This same behavior allows testing the alternators separately at any time the engine is running by switching off their field supplies one at a time and observing: current in scenario (1) or bus voltage in scenario (2).  The shunt in (2) reads system loads regardless of which alternator is doing the work. The Hall in (1) reads zero except when a failure or test occurs. This just means the pilot has to look at a new EFIS channel to see current if the main fails. Â

In Plan (1), either the shunt or the Hall will always read zero. In plan (2), the shunt will always read current from one or the other alternator, but never both - and bus voltage is the indicator of which alternator is doing the work. Â

Not sure a Hall sensor that reads zero in normal operations and only tells me current that the shunt in (2) would show me just as well in a failure scenario is worth buying and wiring in. Â

Current values observed in flight have very
little significance in terms of low risk
conduct of the mission.

An artfully conducted FMEA and load analysis
during the construction phase will confirm
(1) adequate energy sources for all phases
of flight and (2) no single failure of
a system component will put the mission
at risk.

In other words, CURRENT values that
present during any phase or failure condition
are already known.
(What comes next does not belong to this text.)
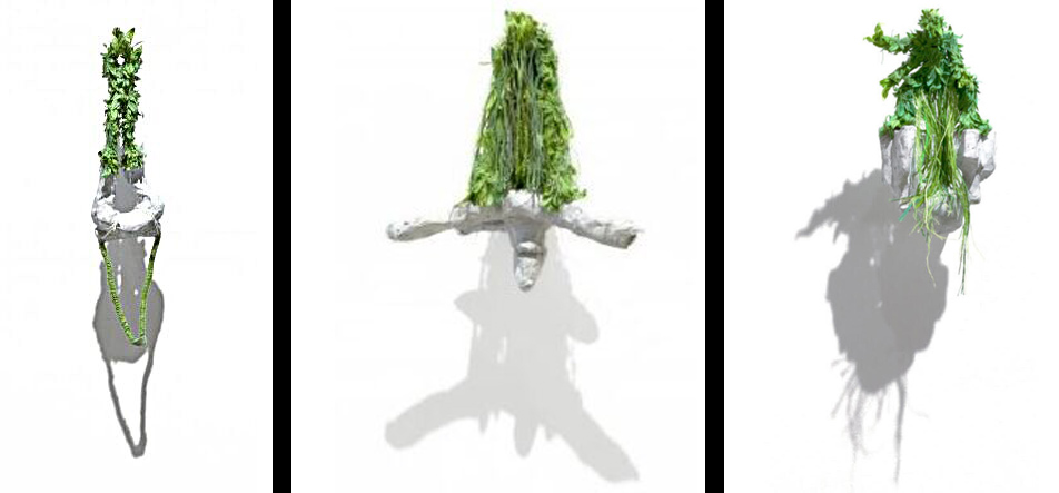 The Dreams of awakening here in this brightness series of diminutive wall sculptures hint at a new life form altogether – leafy flecks of vegetable with the animal, revealing cotton roots and tendrils with the polymer clay and painted bronze. Would these sprigs be the imagined after life of Hay’s humankind – life after civilization’s bardo? In Hay’s imagined life as a tree, souls might find themselves counting tree rings for a thousand years or more.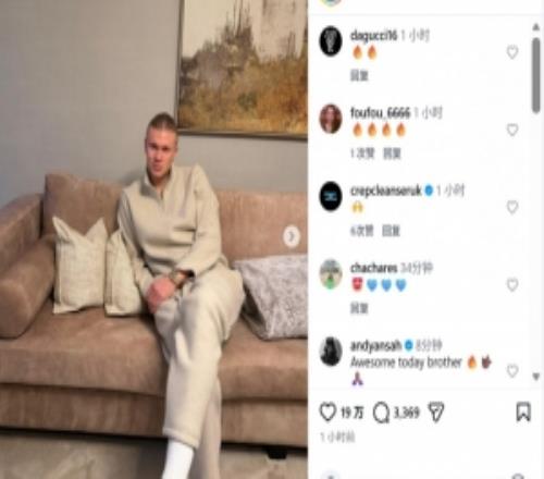 优雅!哈兰德个人社媒晒出两张端坐沙发摆拍照片

The critical operational
parameter is bus voltage wherein one is
notified that the alternator in service IS
or IS NOT supporting the bus at or above
battery discharge voltage.

Hence, active notification of LOW VOLTS
is the single system parameter that drives
decisions between plan-A, plan-B, plan-C,
etc.

If you anticipate two alternators, then
make one of them a standby machine that is
MANUALLY selected at such time the main
alternator is unable to keep the voltage
up. Plan-B is turn OFF main alternator,
turn ON standby alternator. Auto-switching
of the standby alternator adds minimal value
for risk reduction while significantly
adding cost.

BOTH B-leads can share a hall effect
current sensor as illustrated in

http://www.aeroelectric.com/PPS/Adobe_Architecture_Pdfs/Z12NP1.pdf

A single EFIS channel can be utilized
to monitor both alternators . . . but
understand that numbers displayed by this
feature are incidental to the fact that
system voltage IS or IS NOT adequate to
prevent discharging the battery. If the
voltage IS NOT adequate, then go to plan-C.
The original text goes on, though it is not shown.